═══ Source information ═══

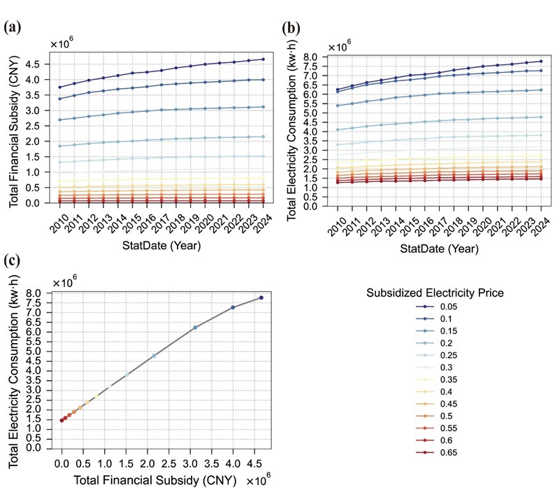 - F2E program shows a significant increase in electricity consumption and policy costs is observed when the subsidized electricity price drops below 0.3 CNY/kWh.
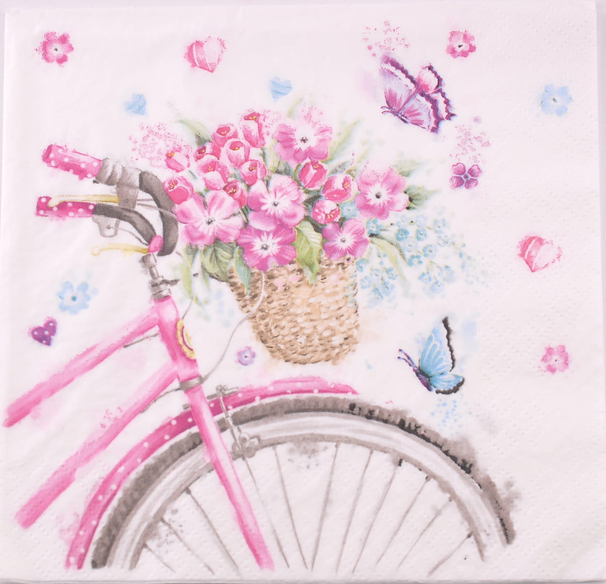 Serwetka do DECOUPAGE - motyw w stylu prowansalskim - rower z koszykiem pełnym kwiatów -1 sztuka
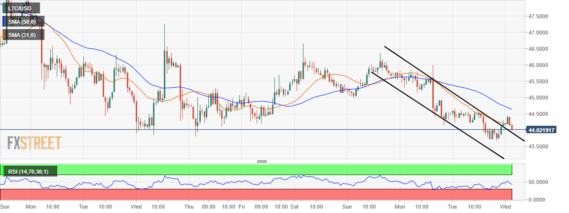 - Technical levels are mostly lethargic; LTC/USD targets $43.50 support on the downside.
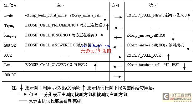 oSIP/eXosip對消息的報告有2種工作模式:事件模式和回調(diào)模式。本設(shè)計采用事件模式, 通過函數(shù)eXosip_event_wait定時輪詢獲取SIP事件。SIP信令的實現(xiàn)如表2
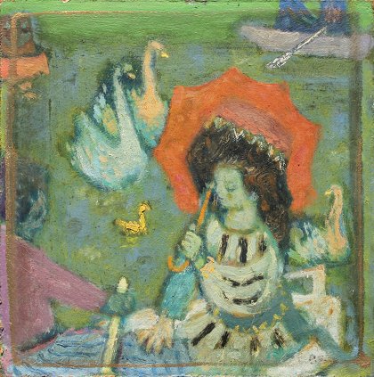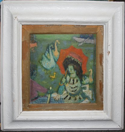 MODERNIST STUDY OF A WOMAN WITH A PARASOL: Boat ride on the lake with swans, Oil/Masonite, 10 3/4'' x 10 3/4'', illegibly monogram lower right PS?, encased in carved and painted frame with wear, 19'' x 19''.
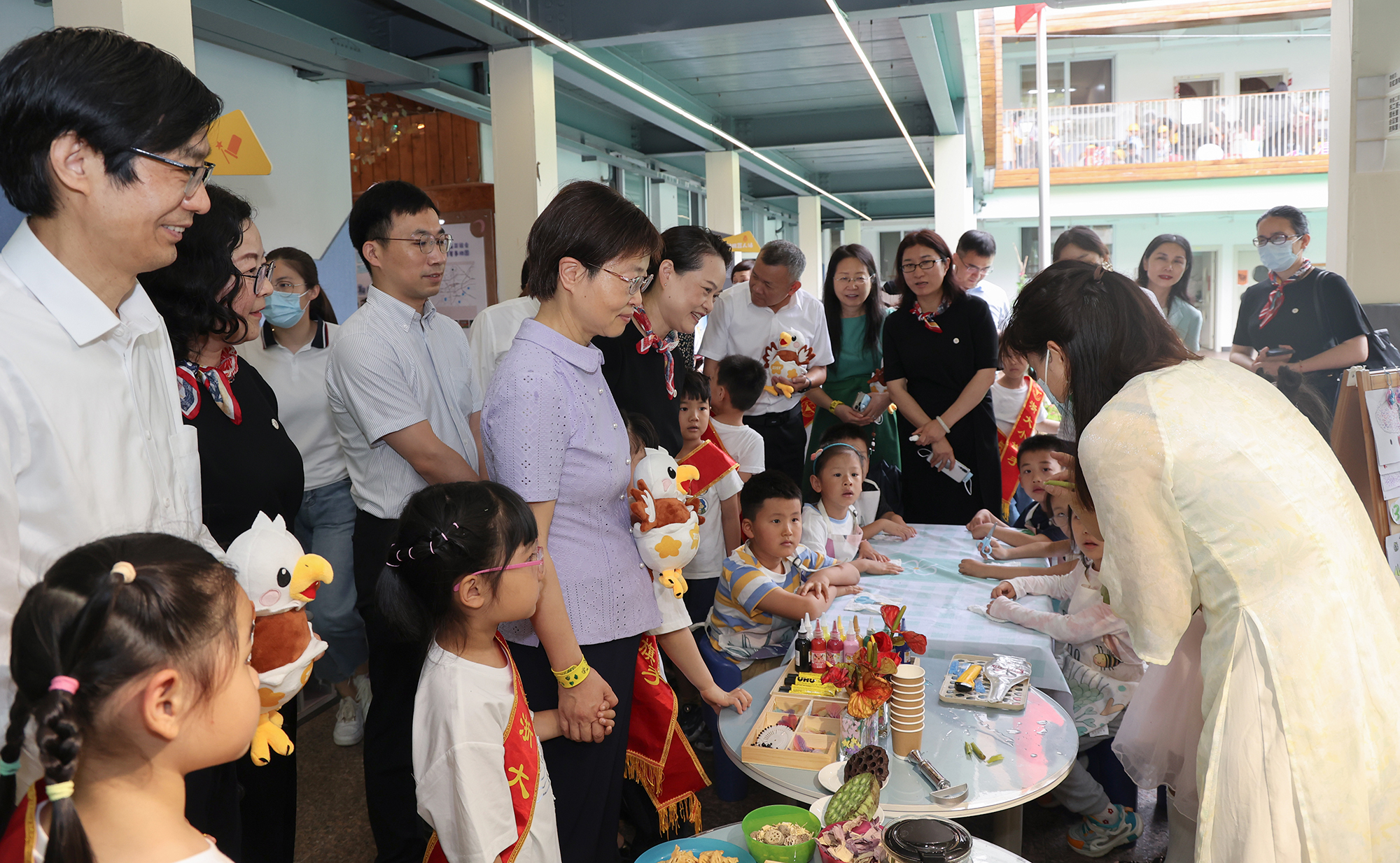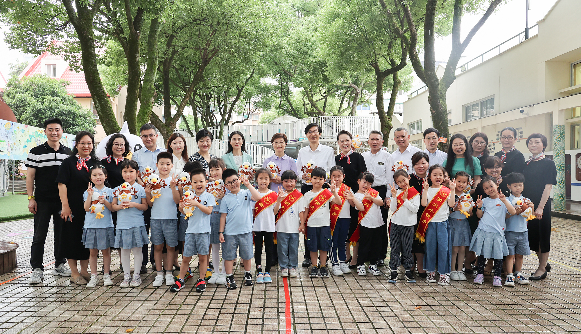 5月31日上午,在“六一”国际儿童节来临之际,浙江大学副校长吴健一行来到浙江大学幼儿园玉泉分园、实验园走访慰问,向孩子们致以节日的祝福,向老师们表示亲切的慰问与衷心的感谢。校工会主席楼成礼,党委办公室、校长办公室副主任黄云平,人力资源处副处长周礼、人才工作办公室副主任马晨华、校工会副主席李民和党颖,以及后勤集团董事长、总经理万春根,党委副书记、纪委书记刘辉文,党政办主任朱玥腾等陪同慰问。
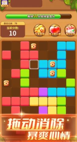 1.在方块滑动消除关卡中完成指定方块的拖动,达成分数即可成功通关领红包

═══
═══ Source information ═══

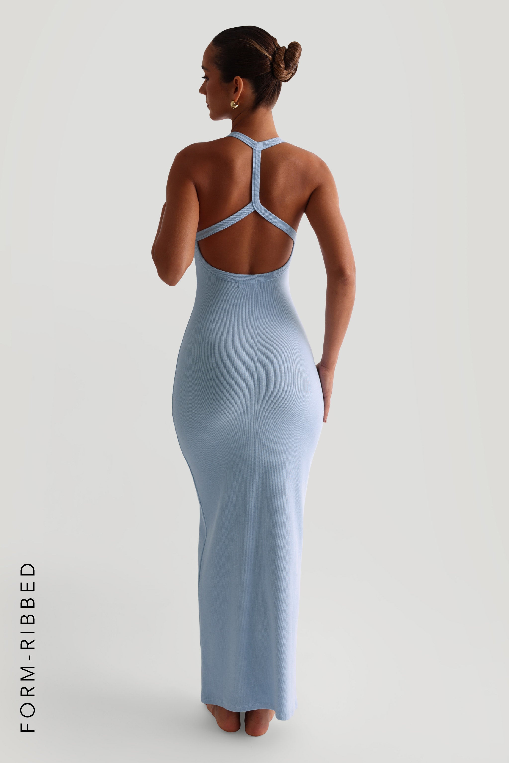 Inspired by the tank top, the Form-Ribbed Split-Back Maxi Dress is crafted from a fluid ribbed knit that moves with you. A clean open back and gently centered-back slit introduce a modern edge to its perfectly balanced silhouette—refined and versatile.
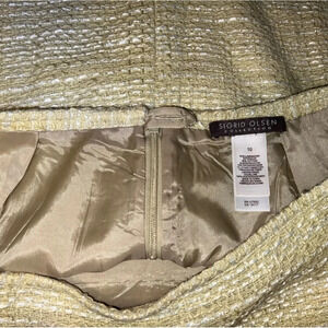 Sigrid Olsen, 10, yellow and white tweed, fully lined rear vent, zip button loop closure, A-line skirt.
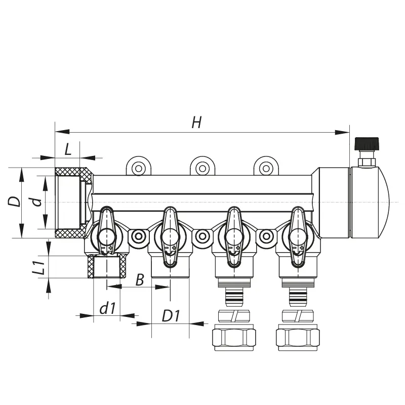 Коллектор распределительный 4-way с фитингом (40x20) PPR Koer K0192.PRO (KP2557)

═══
═══ Source information ═══

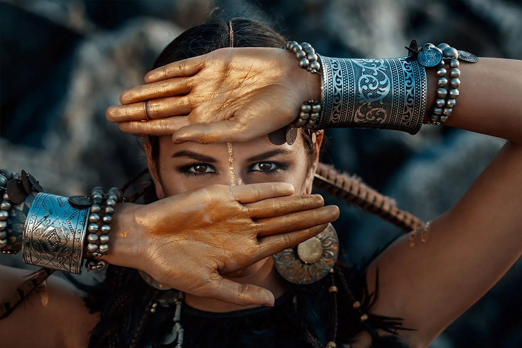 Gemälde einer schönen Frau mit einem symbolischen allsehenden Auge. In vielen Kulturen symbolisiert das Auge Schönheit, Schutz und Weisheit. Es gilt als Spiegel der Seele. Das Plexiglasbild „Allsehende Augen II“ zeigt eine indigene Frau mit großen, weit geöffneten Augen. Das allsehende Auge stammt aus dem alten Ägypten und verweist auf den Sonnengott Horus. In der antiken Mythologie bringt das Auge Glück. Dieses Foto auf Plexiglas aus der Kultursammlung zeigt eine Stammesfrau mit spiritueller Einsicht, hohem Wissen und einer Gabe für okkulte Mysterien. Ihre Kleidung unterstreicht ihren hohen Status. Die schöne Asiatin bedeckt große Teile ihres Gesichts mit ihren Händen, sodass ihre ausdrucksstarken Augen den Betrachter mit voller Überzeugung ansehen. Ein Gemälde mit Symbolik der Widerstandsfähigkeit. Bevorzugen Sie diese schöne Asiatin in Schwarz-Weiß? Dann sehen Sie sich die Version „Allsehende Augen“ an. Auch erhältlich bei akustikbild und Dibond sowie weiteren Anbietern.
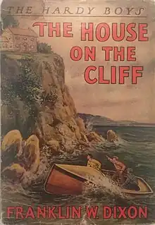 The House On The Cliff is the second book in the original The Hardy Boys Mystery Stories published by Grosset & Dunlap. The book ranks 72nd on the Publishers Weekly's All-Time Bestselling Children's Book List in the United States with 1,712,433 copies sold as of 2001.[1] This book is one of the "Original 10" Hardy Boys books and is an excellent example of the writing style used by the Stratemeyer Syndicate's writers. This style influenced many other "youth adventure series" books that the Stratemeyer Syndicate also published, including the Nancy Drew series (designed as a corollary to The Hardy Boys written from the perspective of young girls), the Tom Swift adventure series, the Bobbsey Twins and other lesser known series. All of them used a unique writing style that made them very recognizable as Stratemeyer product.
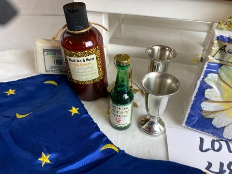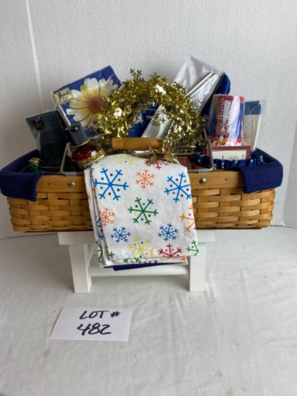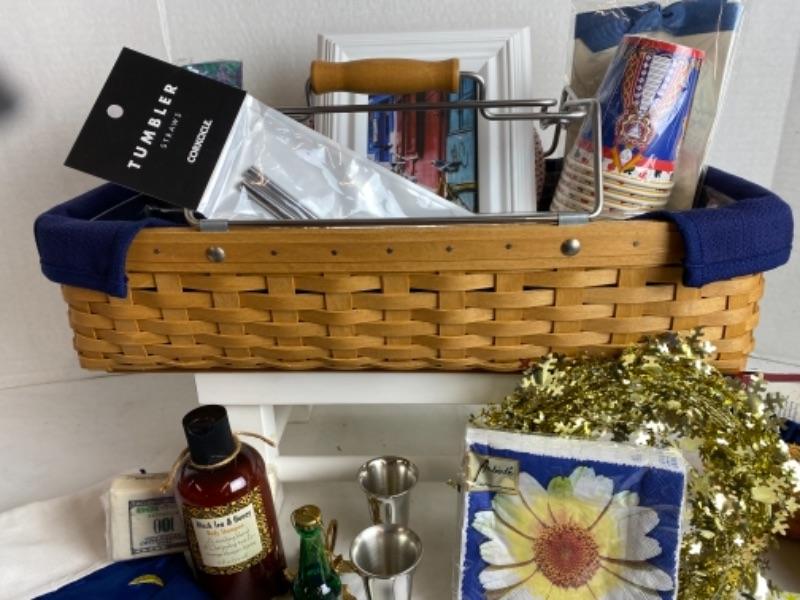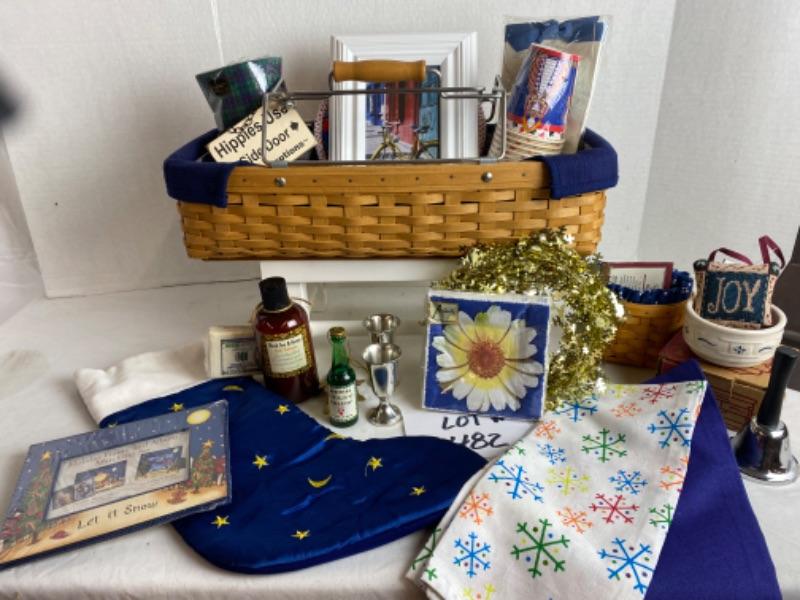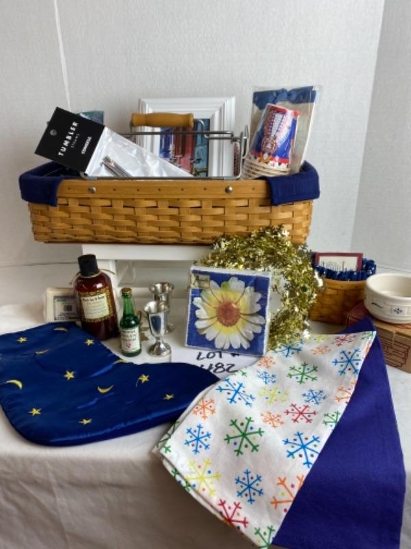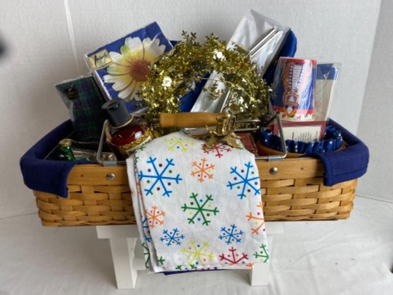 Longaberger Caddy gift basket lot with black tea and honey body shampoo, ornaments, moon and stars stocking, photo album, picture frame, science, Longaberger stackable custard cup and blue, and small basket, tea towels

═══

Start at the line above containing "Sigrid Olsen, 10, yellow" and stop at the line containing "Коллектор распределительный 4-way": print those lines and everything between them exactly, but not the pictures.

Task solution =
 Sigrid Olsen, 10, yellow and white tweed, fully lined rear vent, zip button loop closure, A-line skirt.
 Коллектор распределительный 4-way с фитингом (40x20) PPR Koer K0192.PRO (KP2557)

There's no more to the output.